On Sun, Jan 8, 2012 at 3:23 PM, Jordan Schatz <jordan at noionlabs.com> wrote:
> This code runs, but I'm guessing that its not the "right way" to do it.
>
> (define (js-date [i (current-date)])
>  (let ([original-format (date-display-format)]
>        [return ((λ ()
>                     (date-display-format 'rfc2822)
>                     (date->string i #t)))])
>    (date-display-format original-format)
>    return))
>
> 1) In "some other language" using a function as the default value for an
> argument is inefficient and frowned upon. Is that the case in racket?

Hi Jordan,

Can you give an example of such a language?  I'm curious.

I'm not sure where the inefficiency would come from, unless computing
the default value expression's value is costly.

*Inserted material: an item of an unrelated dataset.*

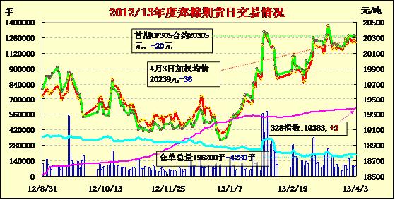 4月3日,鄭棉主要合約高開(kāi),早盤在空頭賣盤壓制下回落,隨后區(qū)間震蕩,尾盤在平倉(cāng)盤打壓下收低,日線形成小陰線,日內(nèi)成交量變化不大,持倉(cāng)量減少。CF1309合約日成交88396手,日減倉(cāng)3856手,終盤持倉(cāng)量149822手;CF1401合約日成交4324手,日減倉(cāng)176手,終盤持倉(cāng)量32426手。 基本面情況:位于北疆博爾塔拉的新疆生產(chǎn)建設(shè)兵團(tuán)第五師八十九團(tuán)十連的一塊農(nóng)田里,棉農(nóng)們正在忙著播種棉花,呈現(xiàn)出一派繁忙景象。而內(nèi)地各棉區(qū)也進(jìn)入春播階段,當(dāng)前棉農(nóng)紛紛開(kāi)始備播工作,施底肥,耕地,灌溉等工作,等氣溫穩(wěn)定之后適時(shí)進(jìn)行播種工作,按照平常年份當(dāng)?shù)匾话阍?月中下旬谷雨過(guò)后完成棉花的播種工作。今年棉農(nóng)反映農(nóng)資成本進(jìn)一步上漲,農(nóng)村土地租地流轉(zhuǎn)等費(fèi)用也在上漲。因此,不少地區(qū)棉農(nóng)對(duì)于今年是否繼續(xù)種植棉花也存在猶豫。目前市場(chǎng)普遍關(guān)注國(guó)家政策的出臺(tái):一是新年度收儲(chǔ)政策的出臺(tái),由于今年國(guó)家標(biāo)準(zhǔn)面臨新的改革,棉花企業(yè)比往年更加關(guān)注新收儲(chǔ)政策的出臺(tái),按照新標(biāo)準(zhǔn)實(shí)施收儲(chǔ)政策,棉企表示將派人認(rèn)真學(xué)習(xí)新國(guó)標(biāo),以保證新年度收購(gòu)工作順利進(jìn)行;二是4月份何時(shí)拋儲(chǔ)新棉,目前紡織企業(yè)繼續(xù)從國(guó)儲(chǔ)棉市場(chǎng)采購(gòu)原材料,但是拋儲(chǔ)資源尚無(wú)變化,紡織企業(yè)期待高等級(jí)皮棉上市;三是配額的發(fā)放,隨著第一批拋儲(chǔ)搭送配額的發(fā)放,紡織企業(yè)繼續(xù)積極從國(guó)儲(chǔ)棉市場(chǎng)進(jìn)行競(jìng)拍,希望得到相應(yīng)的配額。

According to the documentation in:

http://docs.racket-lang.org/reference/lambda.html#(form._((lib._racket/private/base..rkt)._lambda))

with regards to "default-expr": "... if no such argument is provided,
the default-expr is evaluated to produce a value associated with id."

>From the reference docs, it sounds like that, unlike a language like
Python, the default value is evaluated for every use of the function,
rather than just once when the function's defined.  We can experiment
with this:

;;;;;;;;;;;;;;;;;;;;;;;;;;;;;;;
#lang racket
(define (test [x (begin
                   (printf "I'm evaluating at: ~a\n"
(current-inexact-milliseconds))
                   1)])
  (add1 x))
;;;;;;;;;;;;;;;;;;;;;;;;;;;;;;;

If you run test, you'll see that the default-expr is being evaluated
for each call to test that depends on the default argument.


If it is expensive to compute the default expression, we can bind a
value to a variable, and then refer to that variable instead for the
default expression.  That way, the expression is just name lookup,
which is constant-cost.  Functions are named values, so I don't think
they'd be particularly expensive to use as default expressions.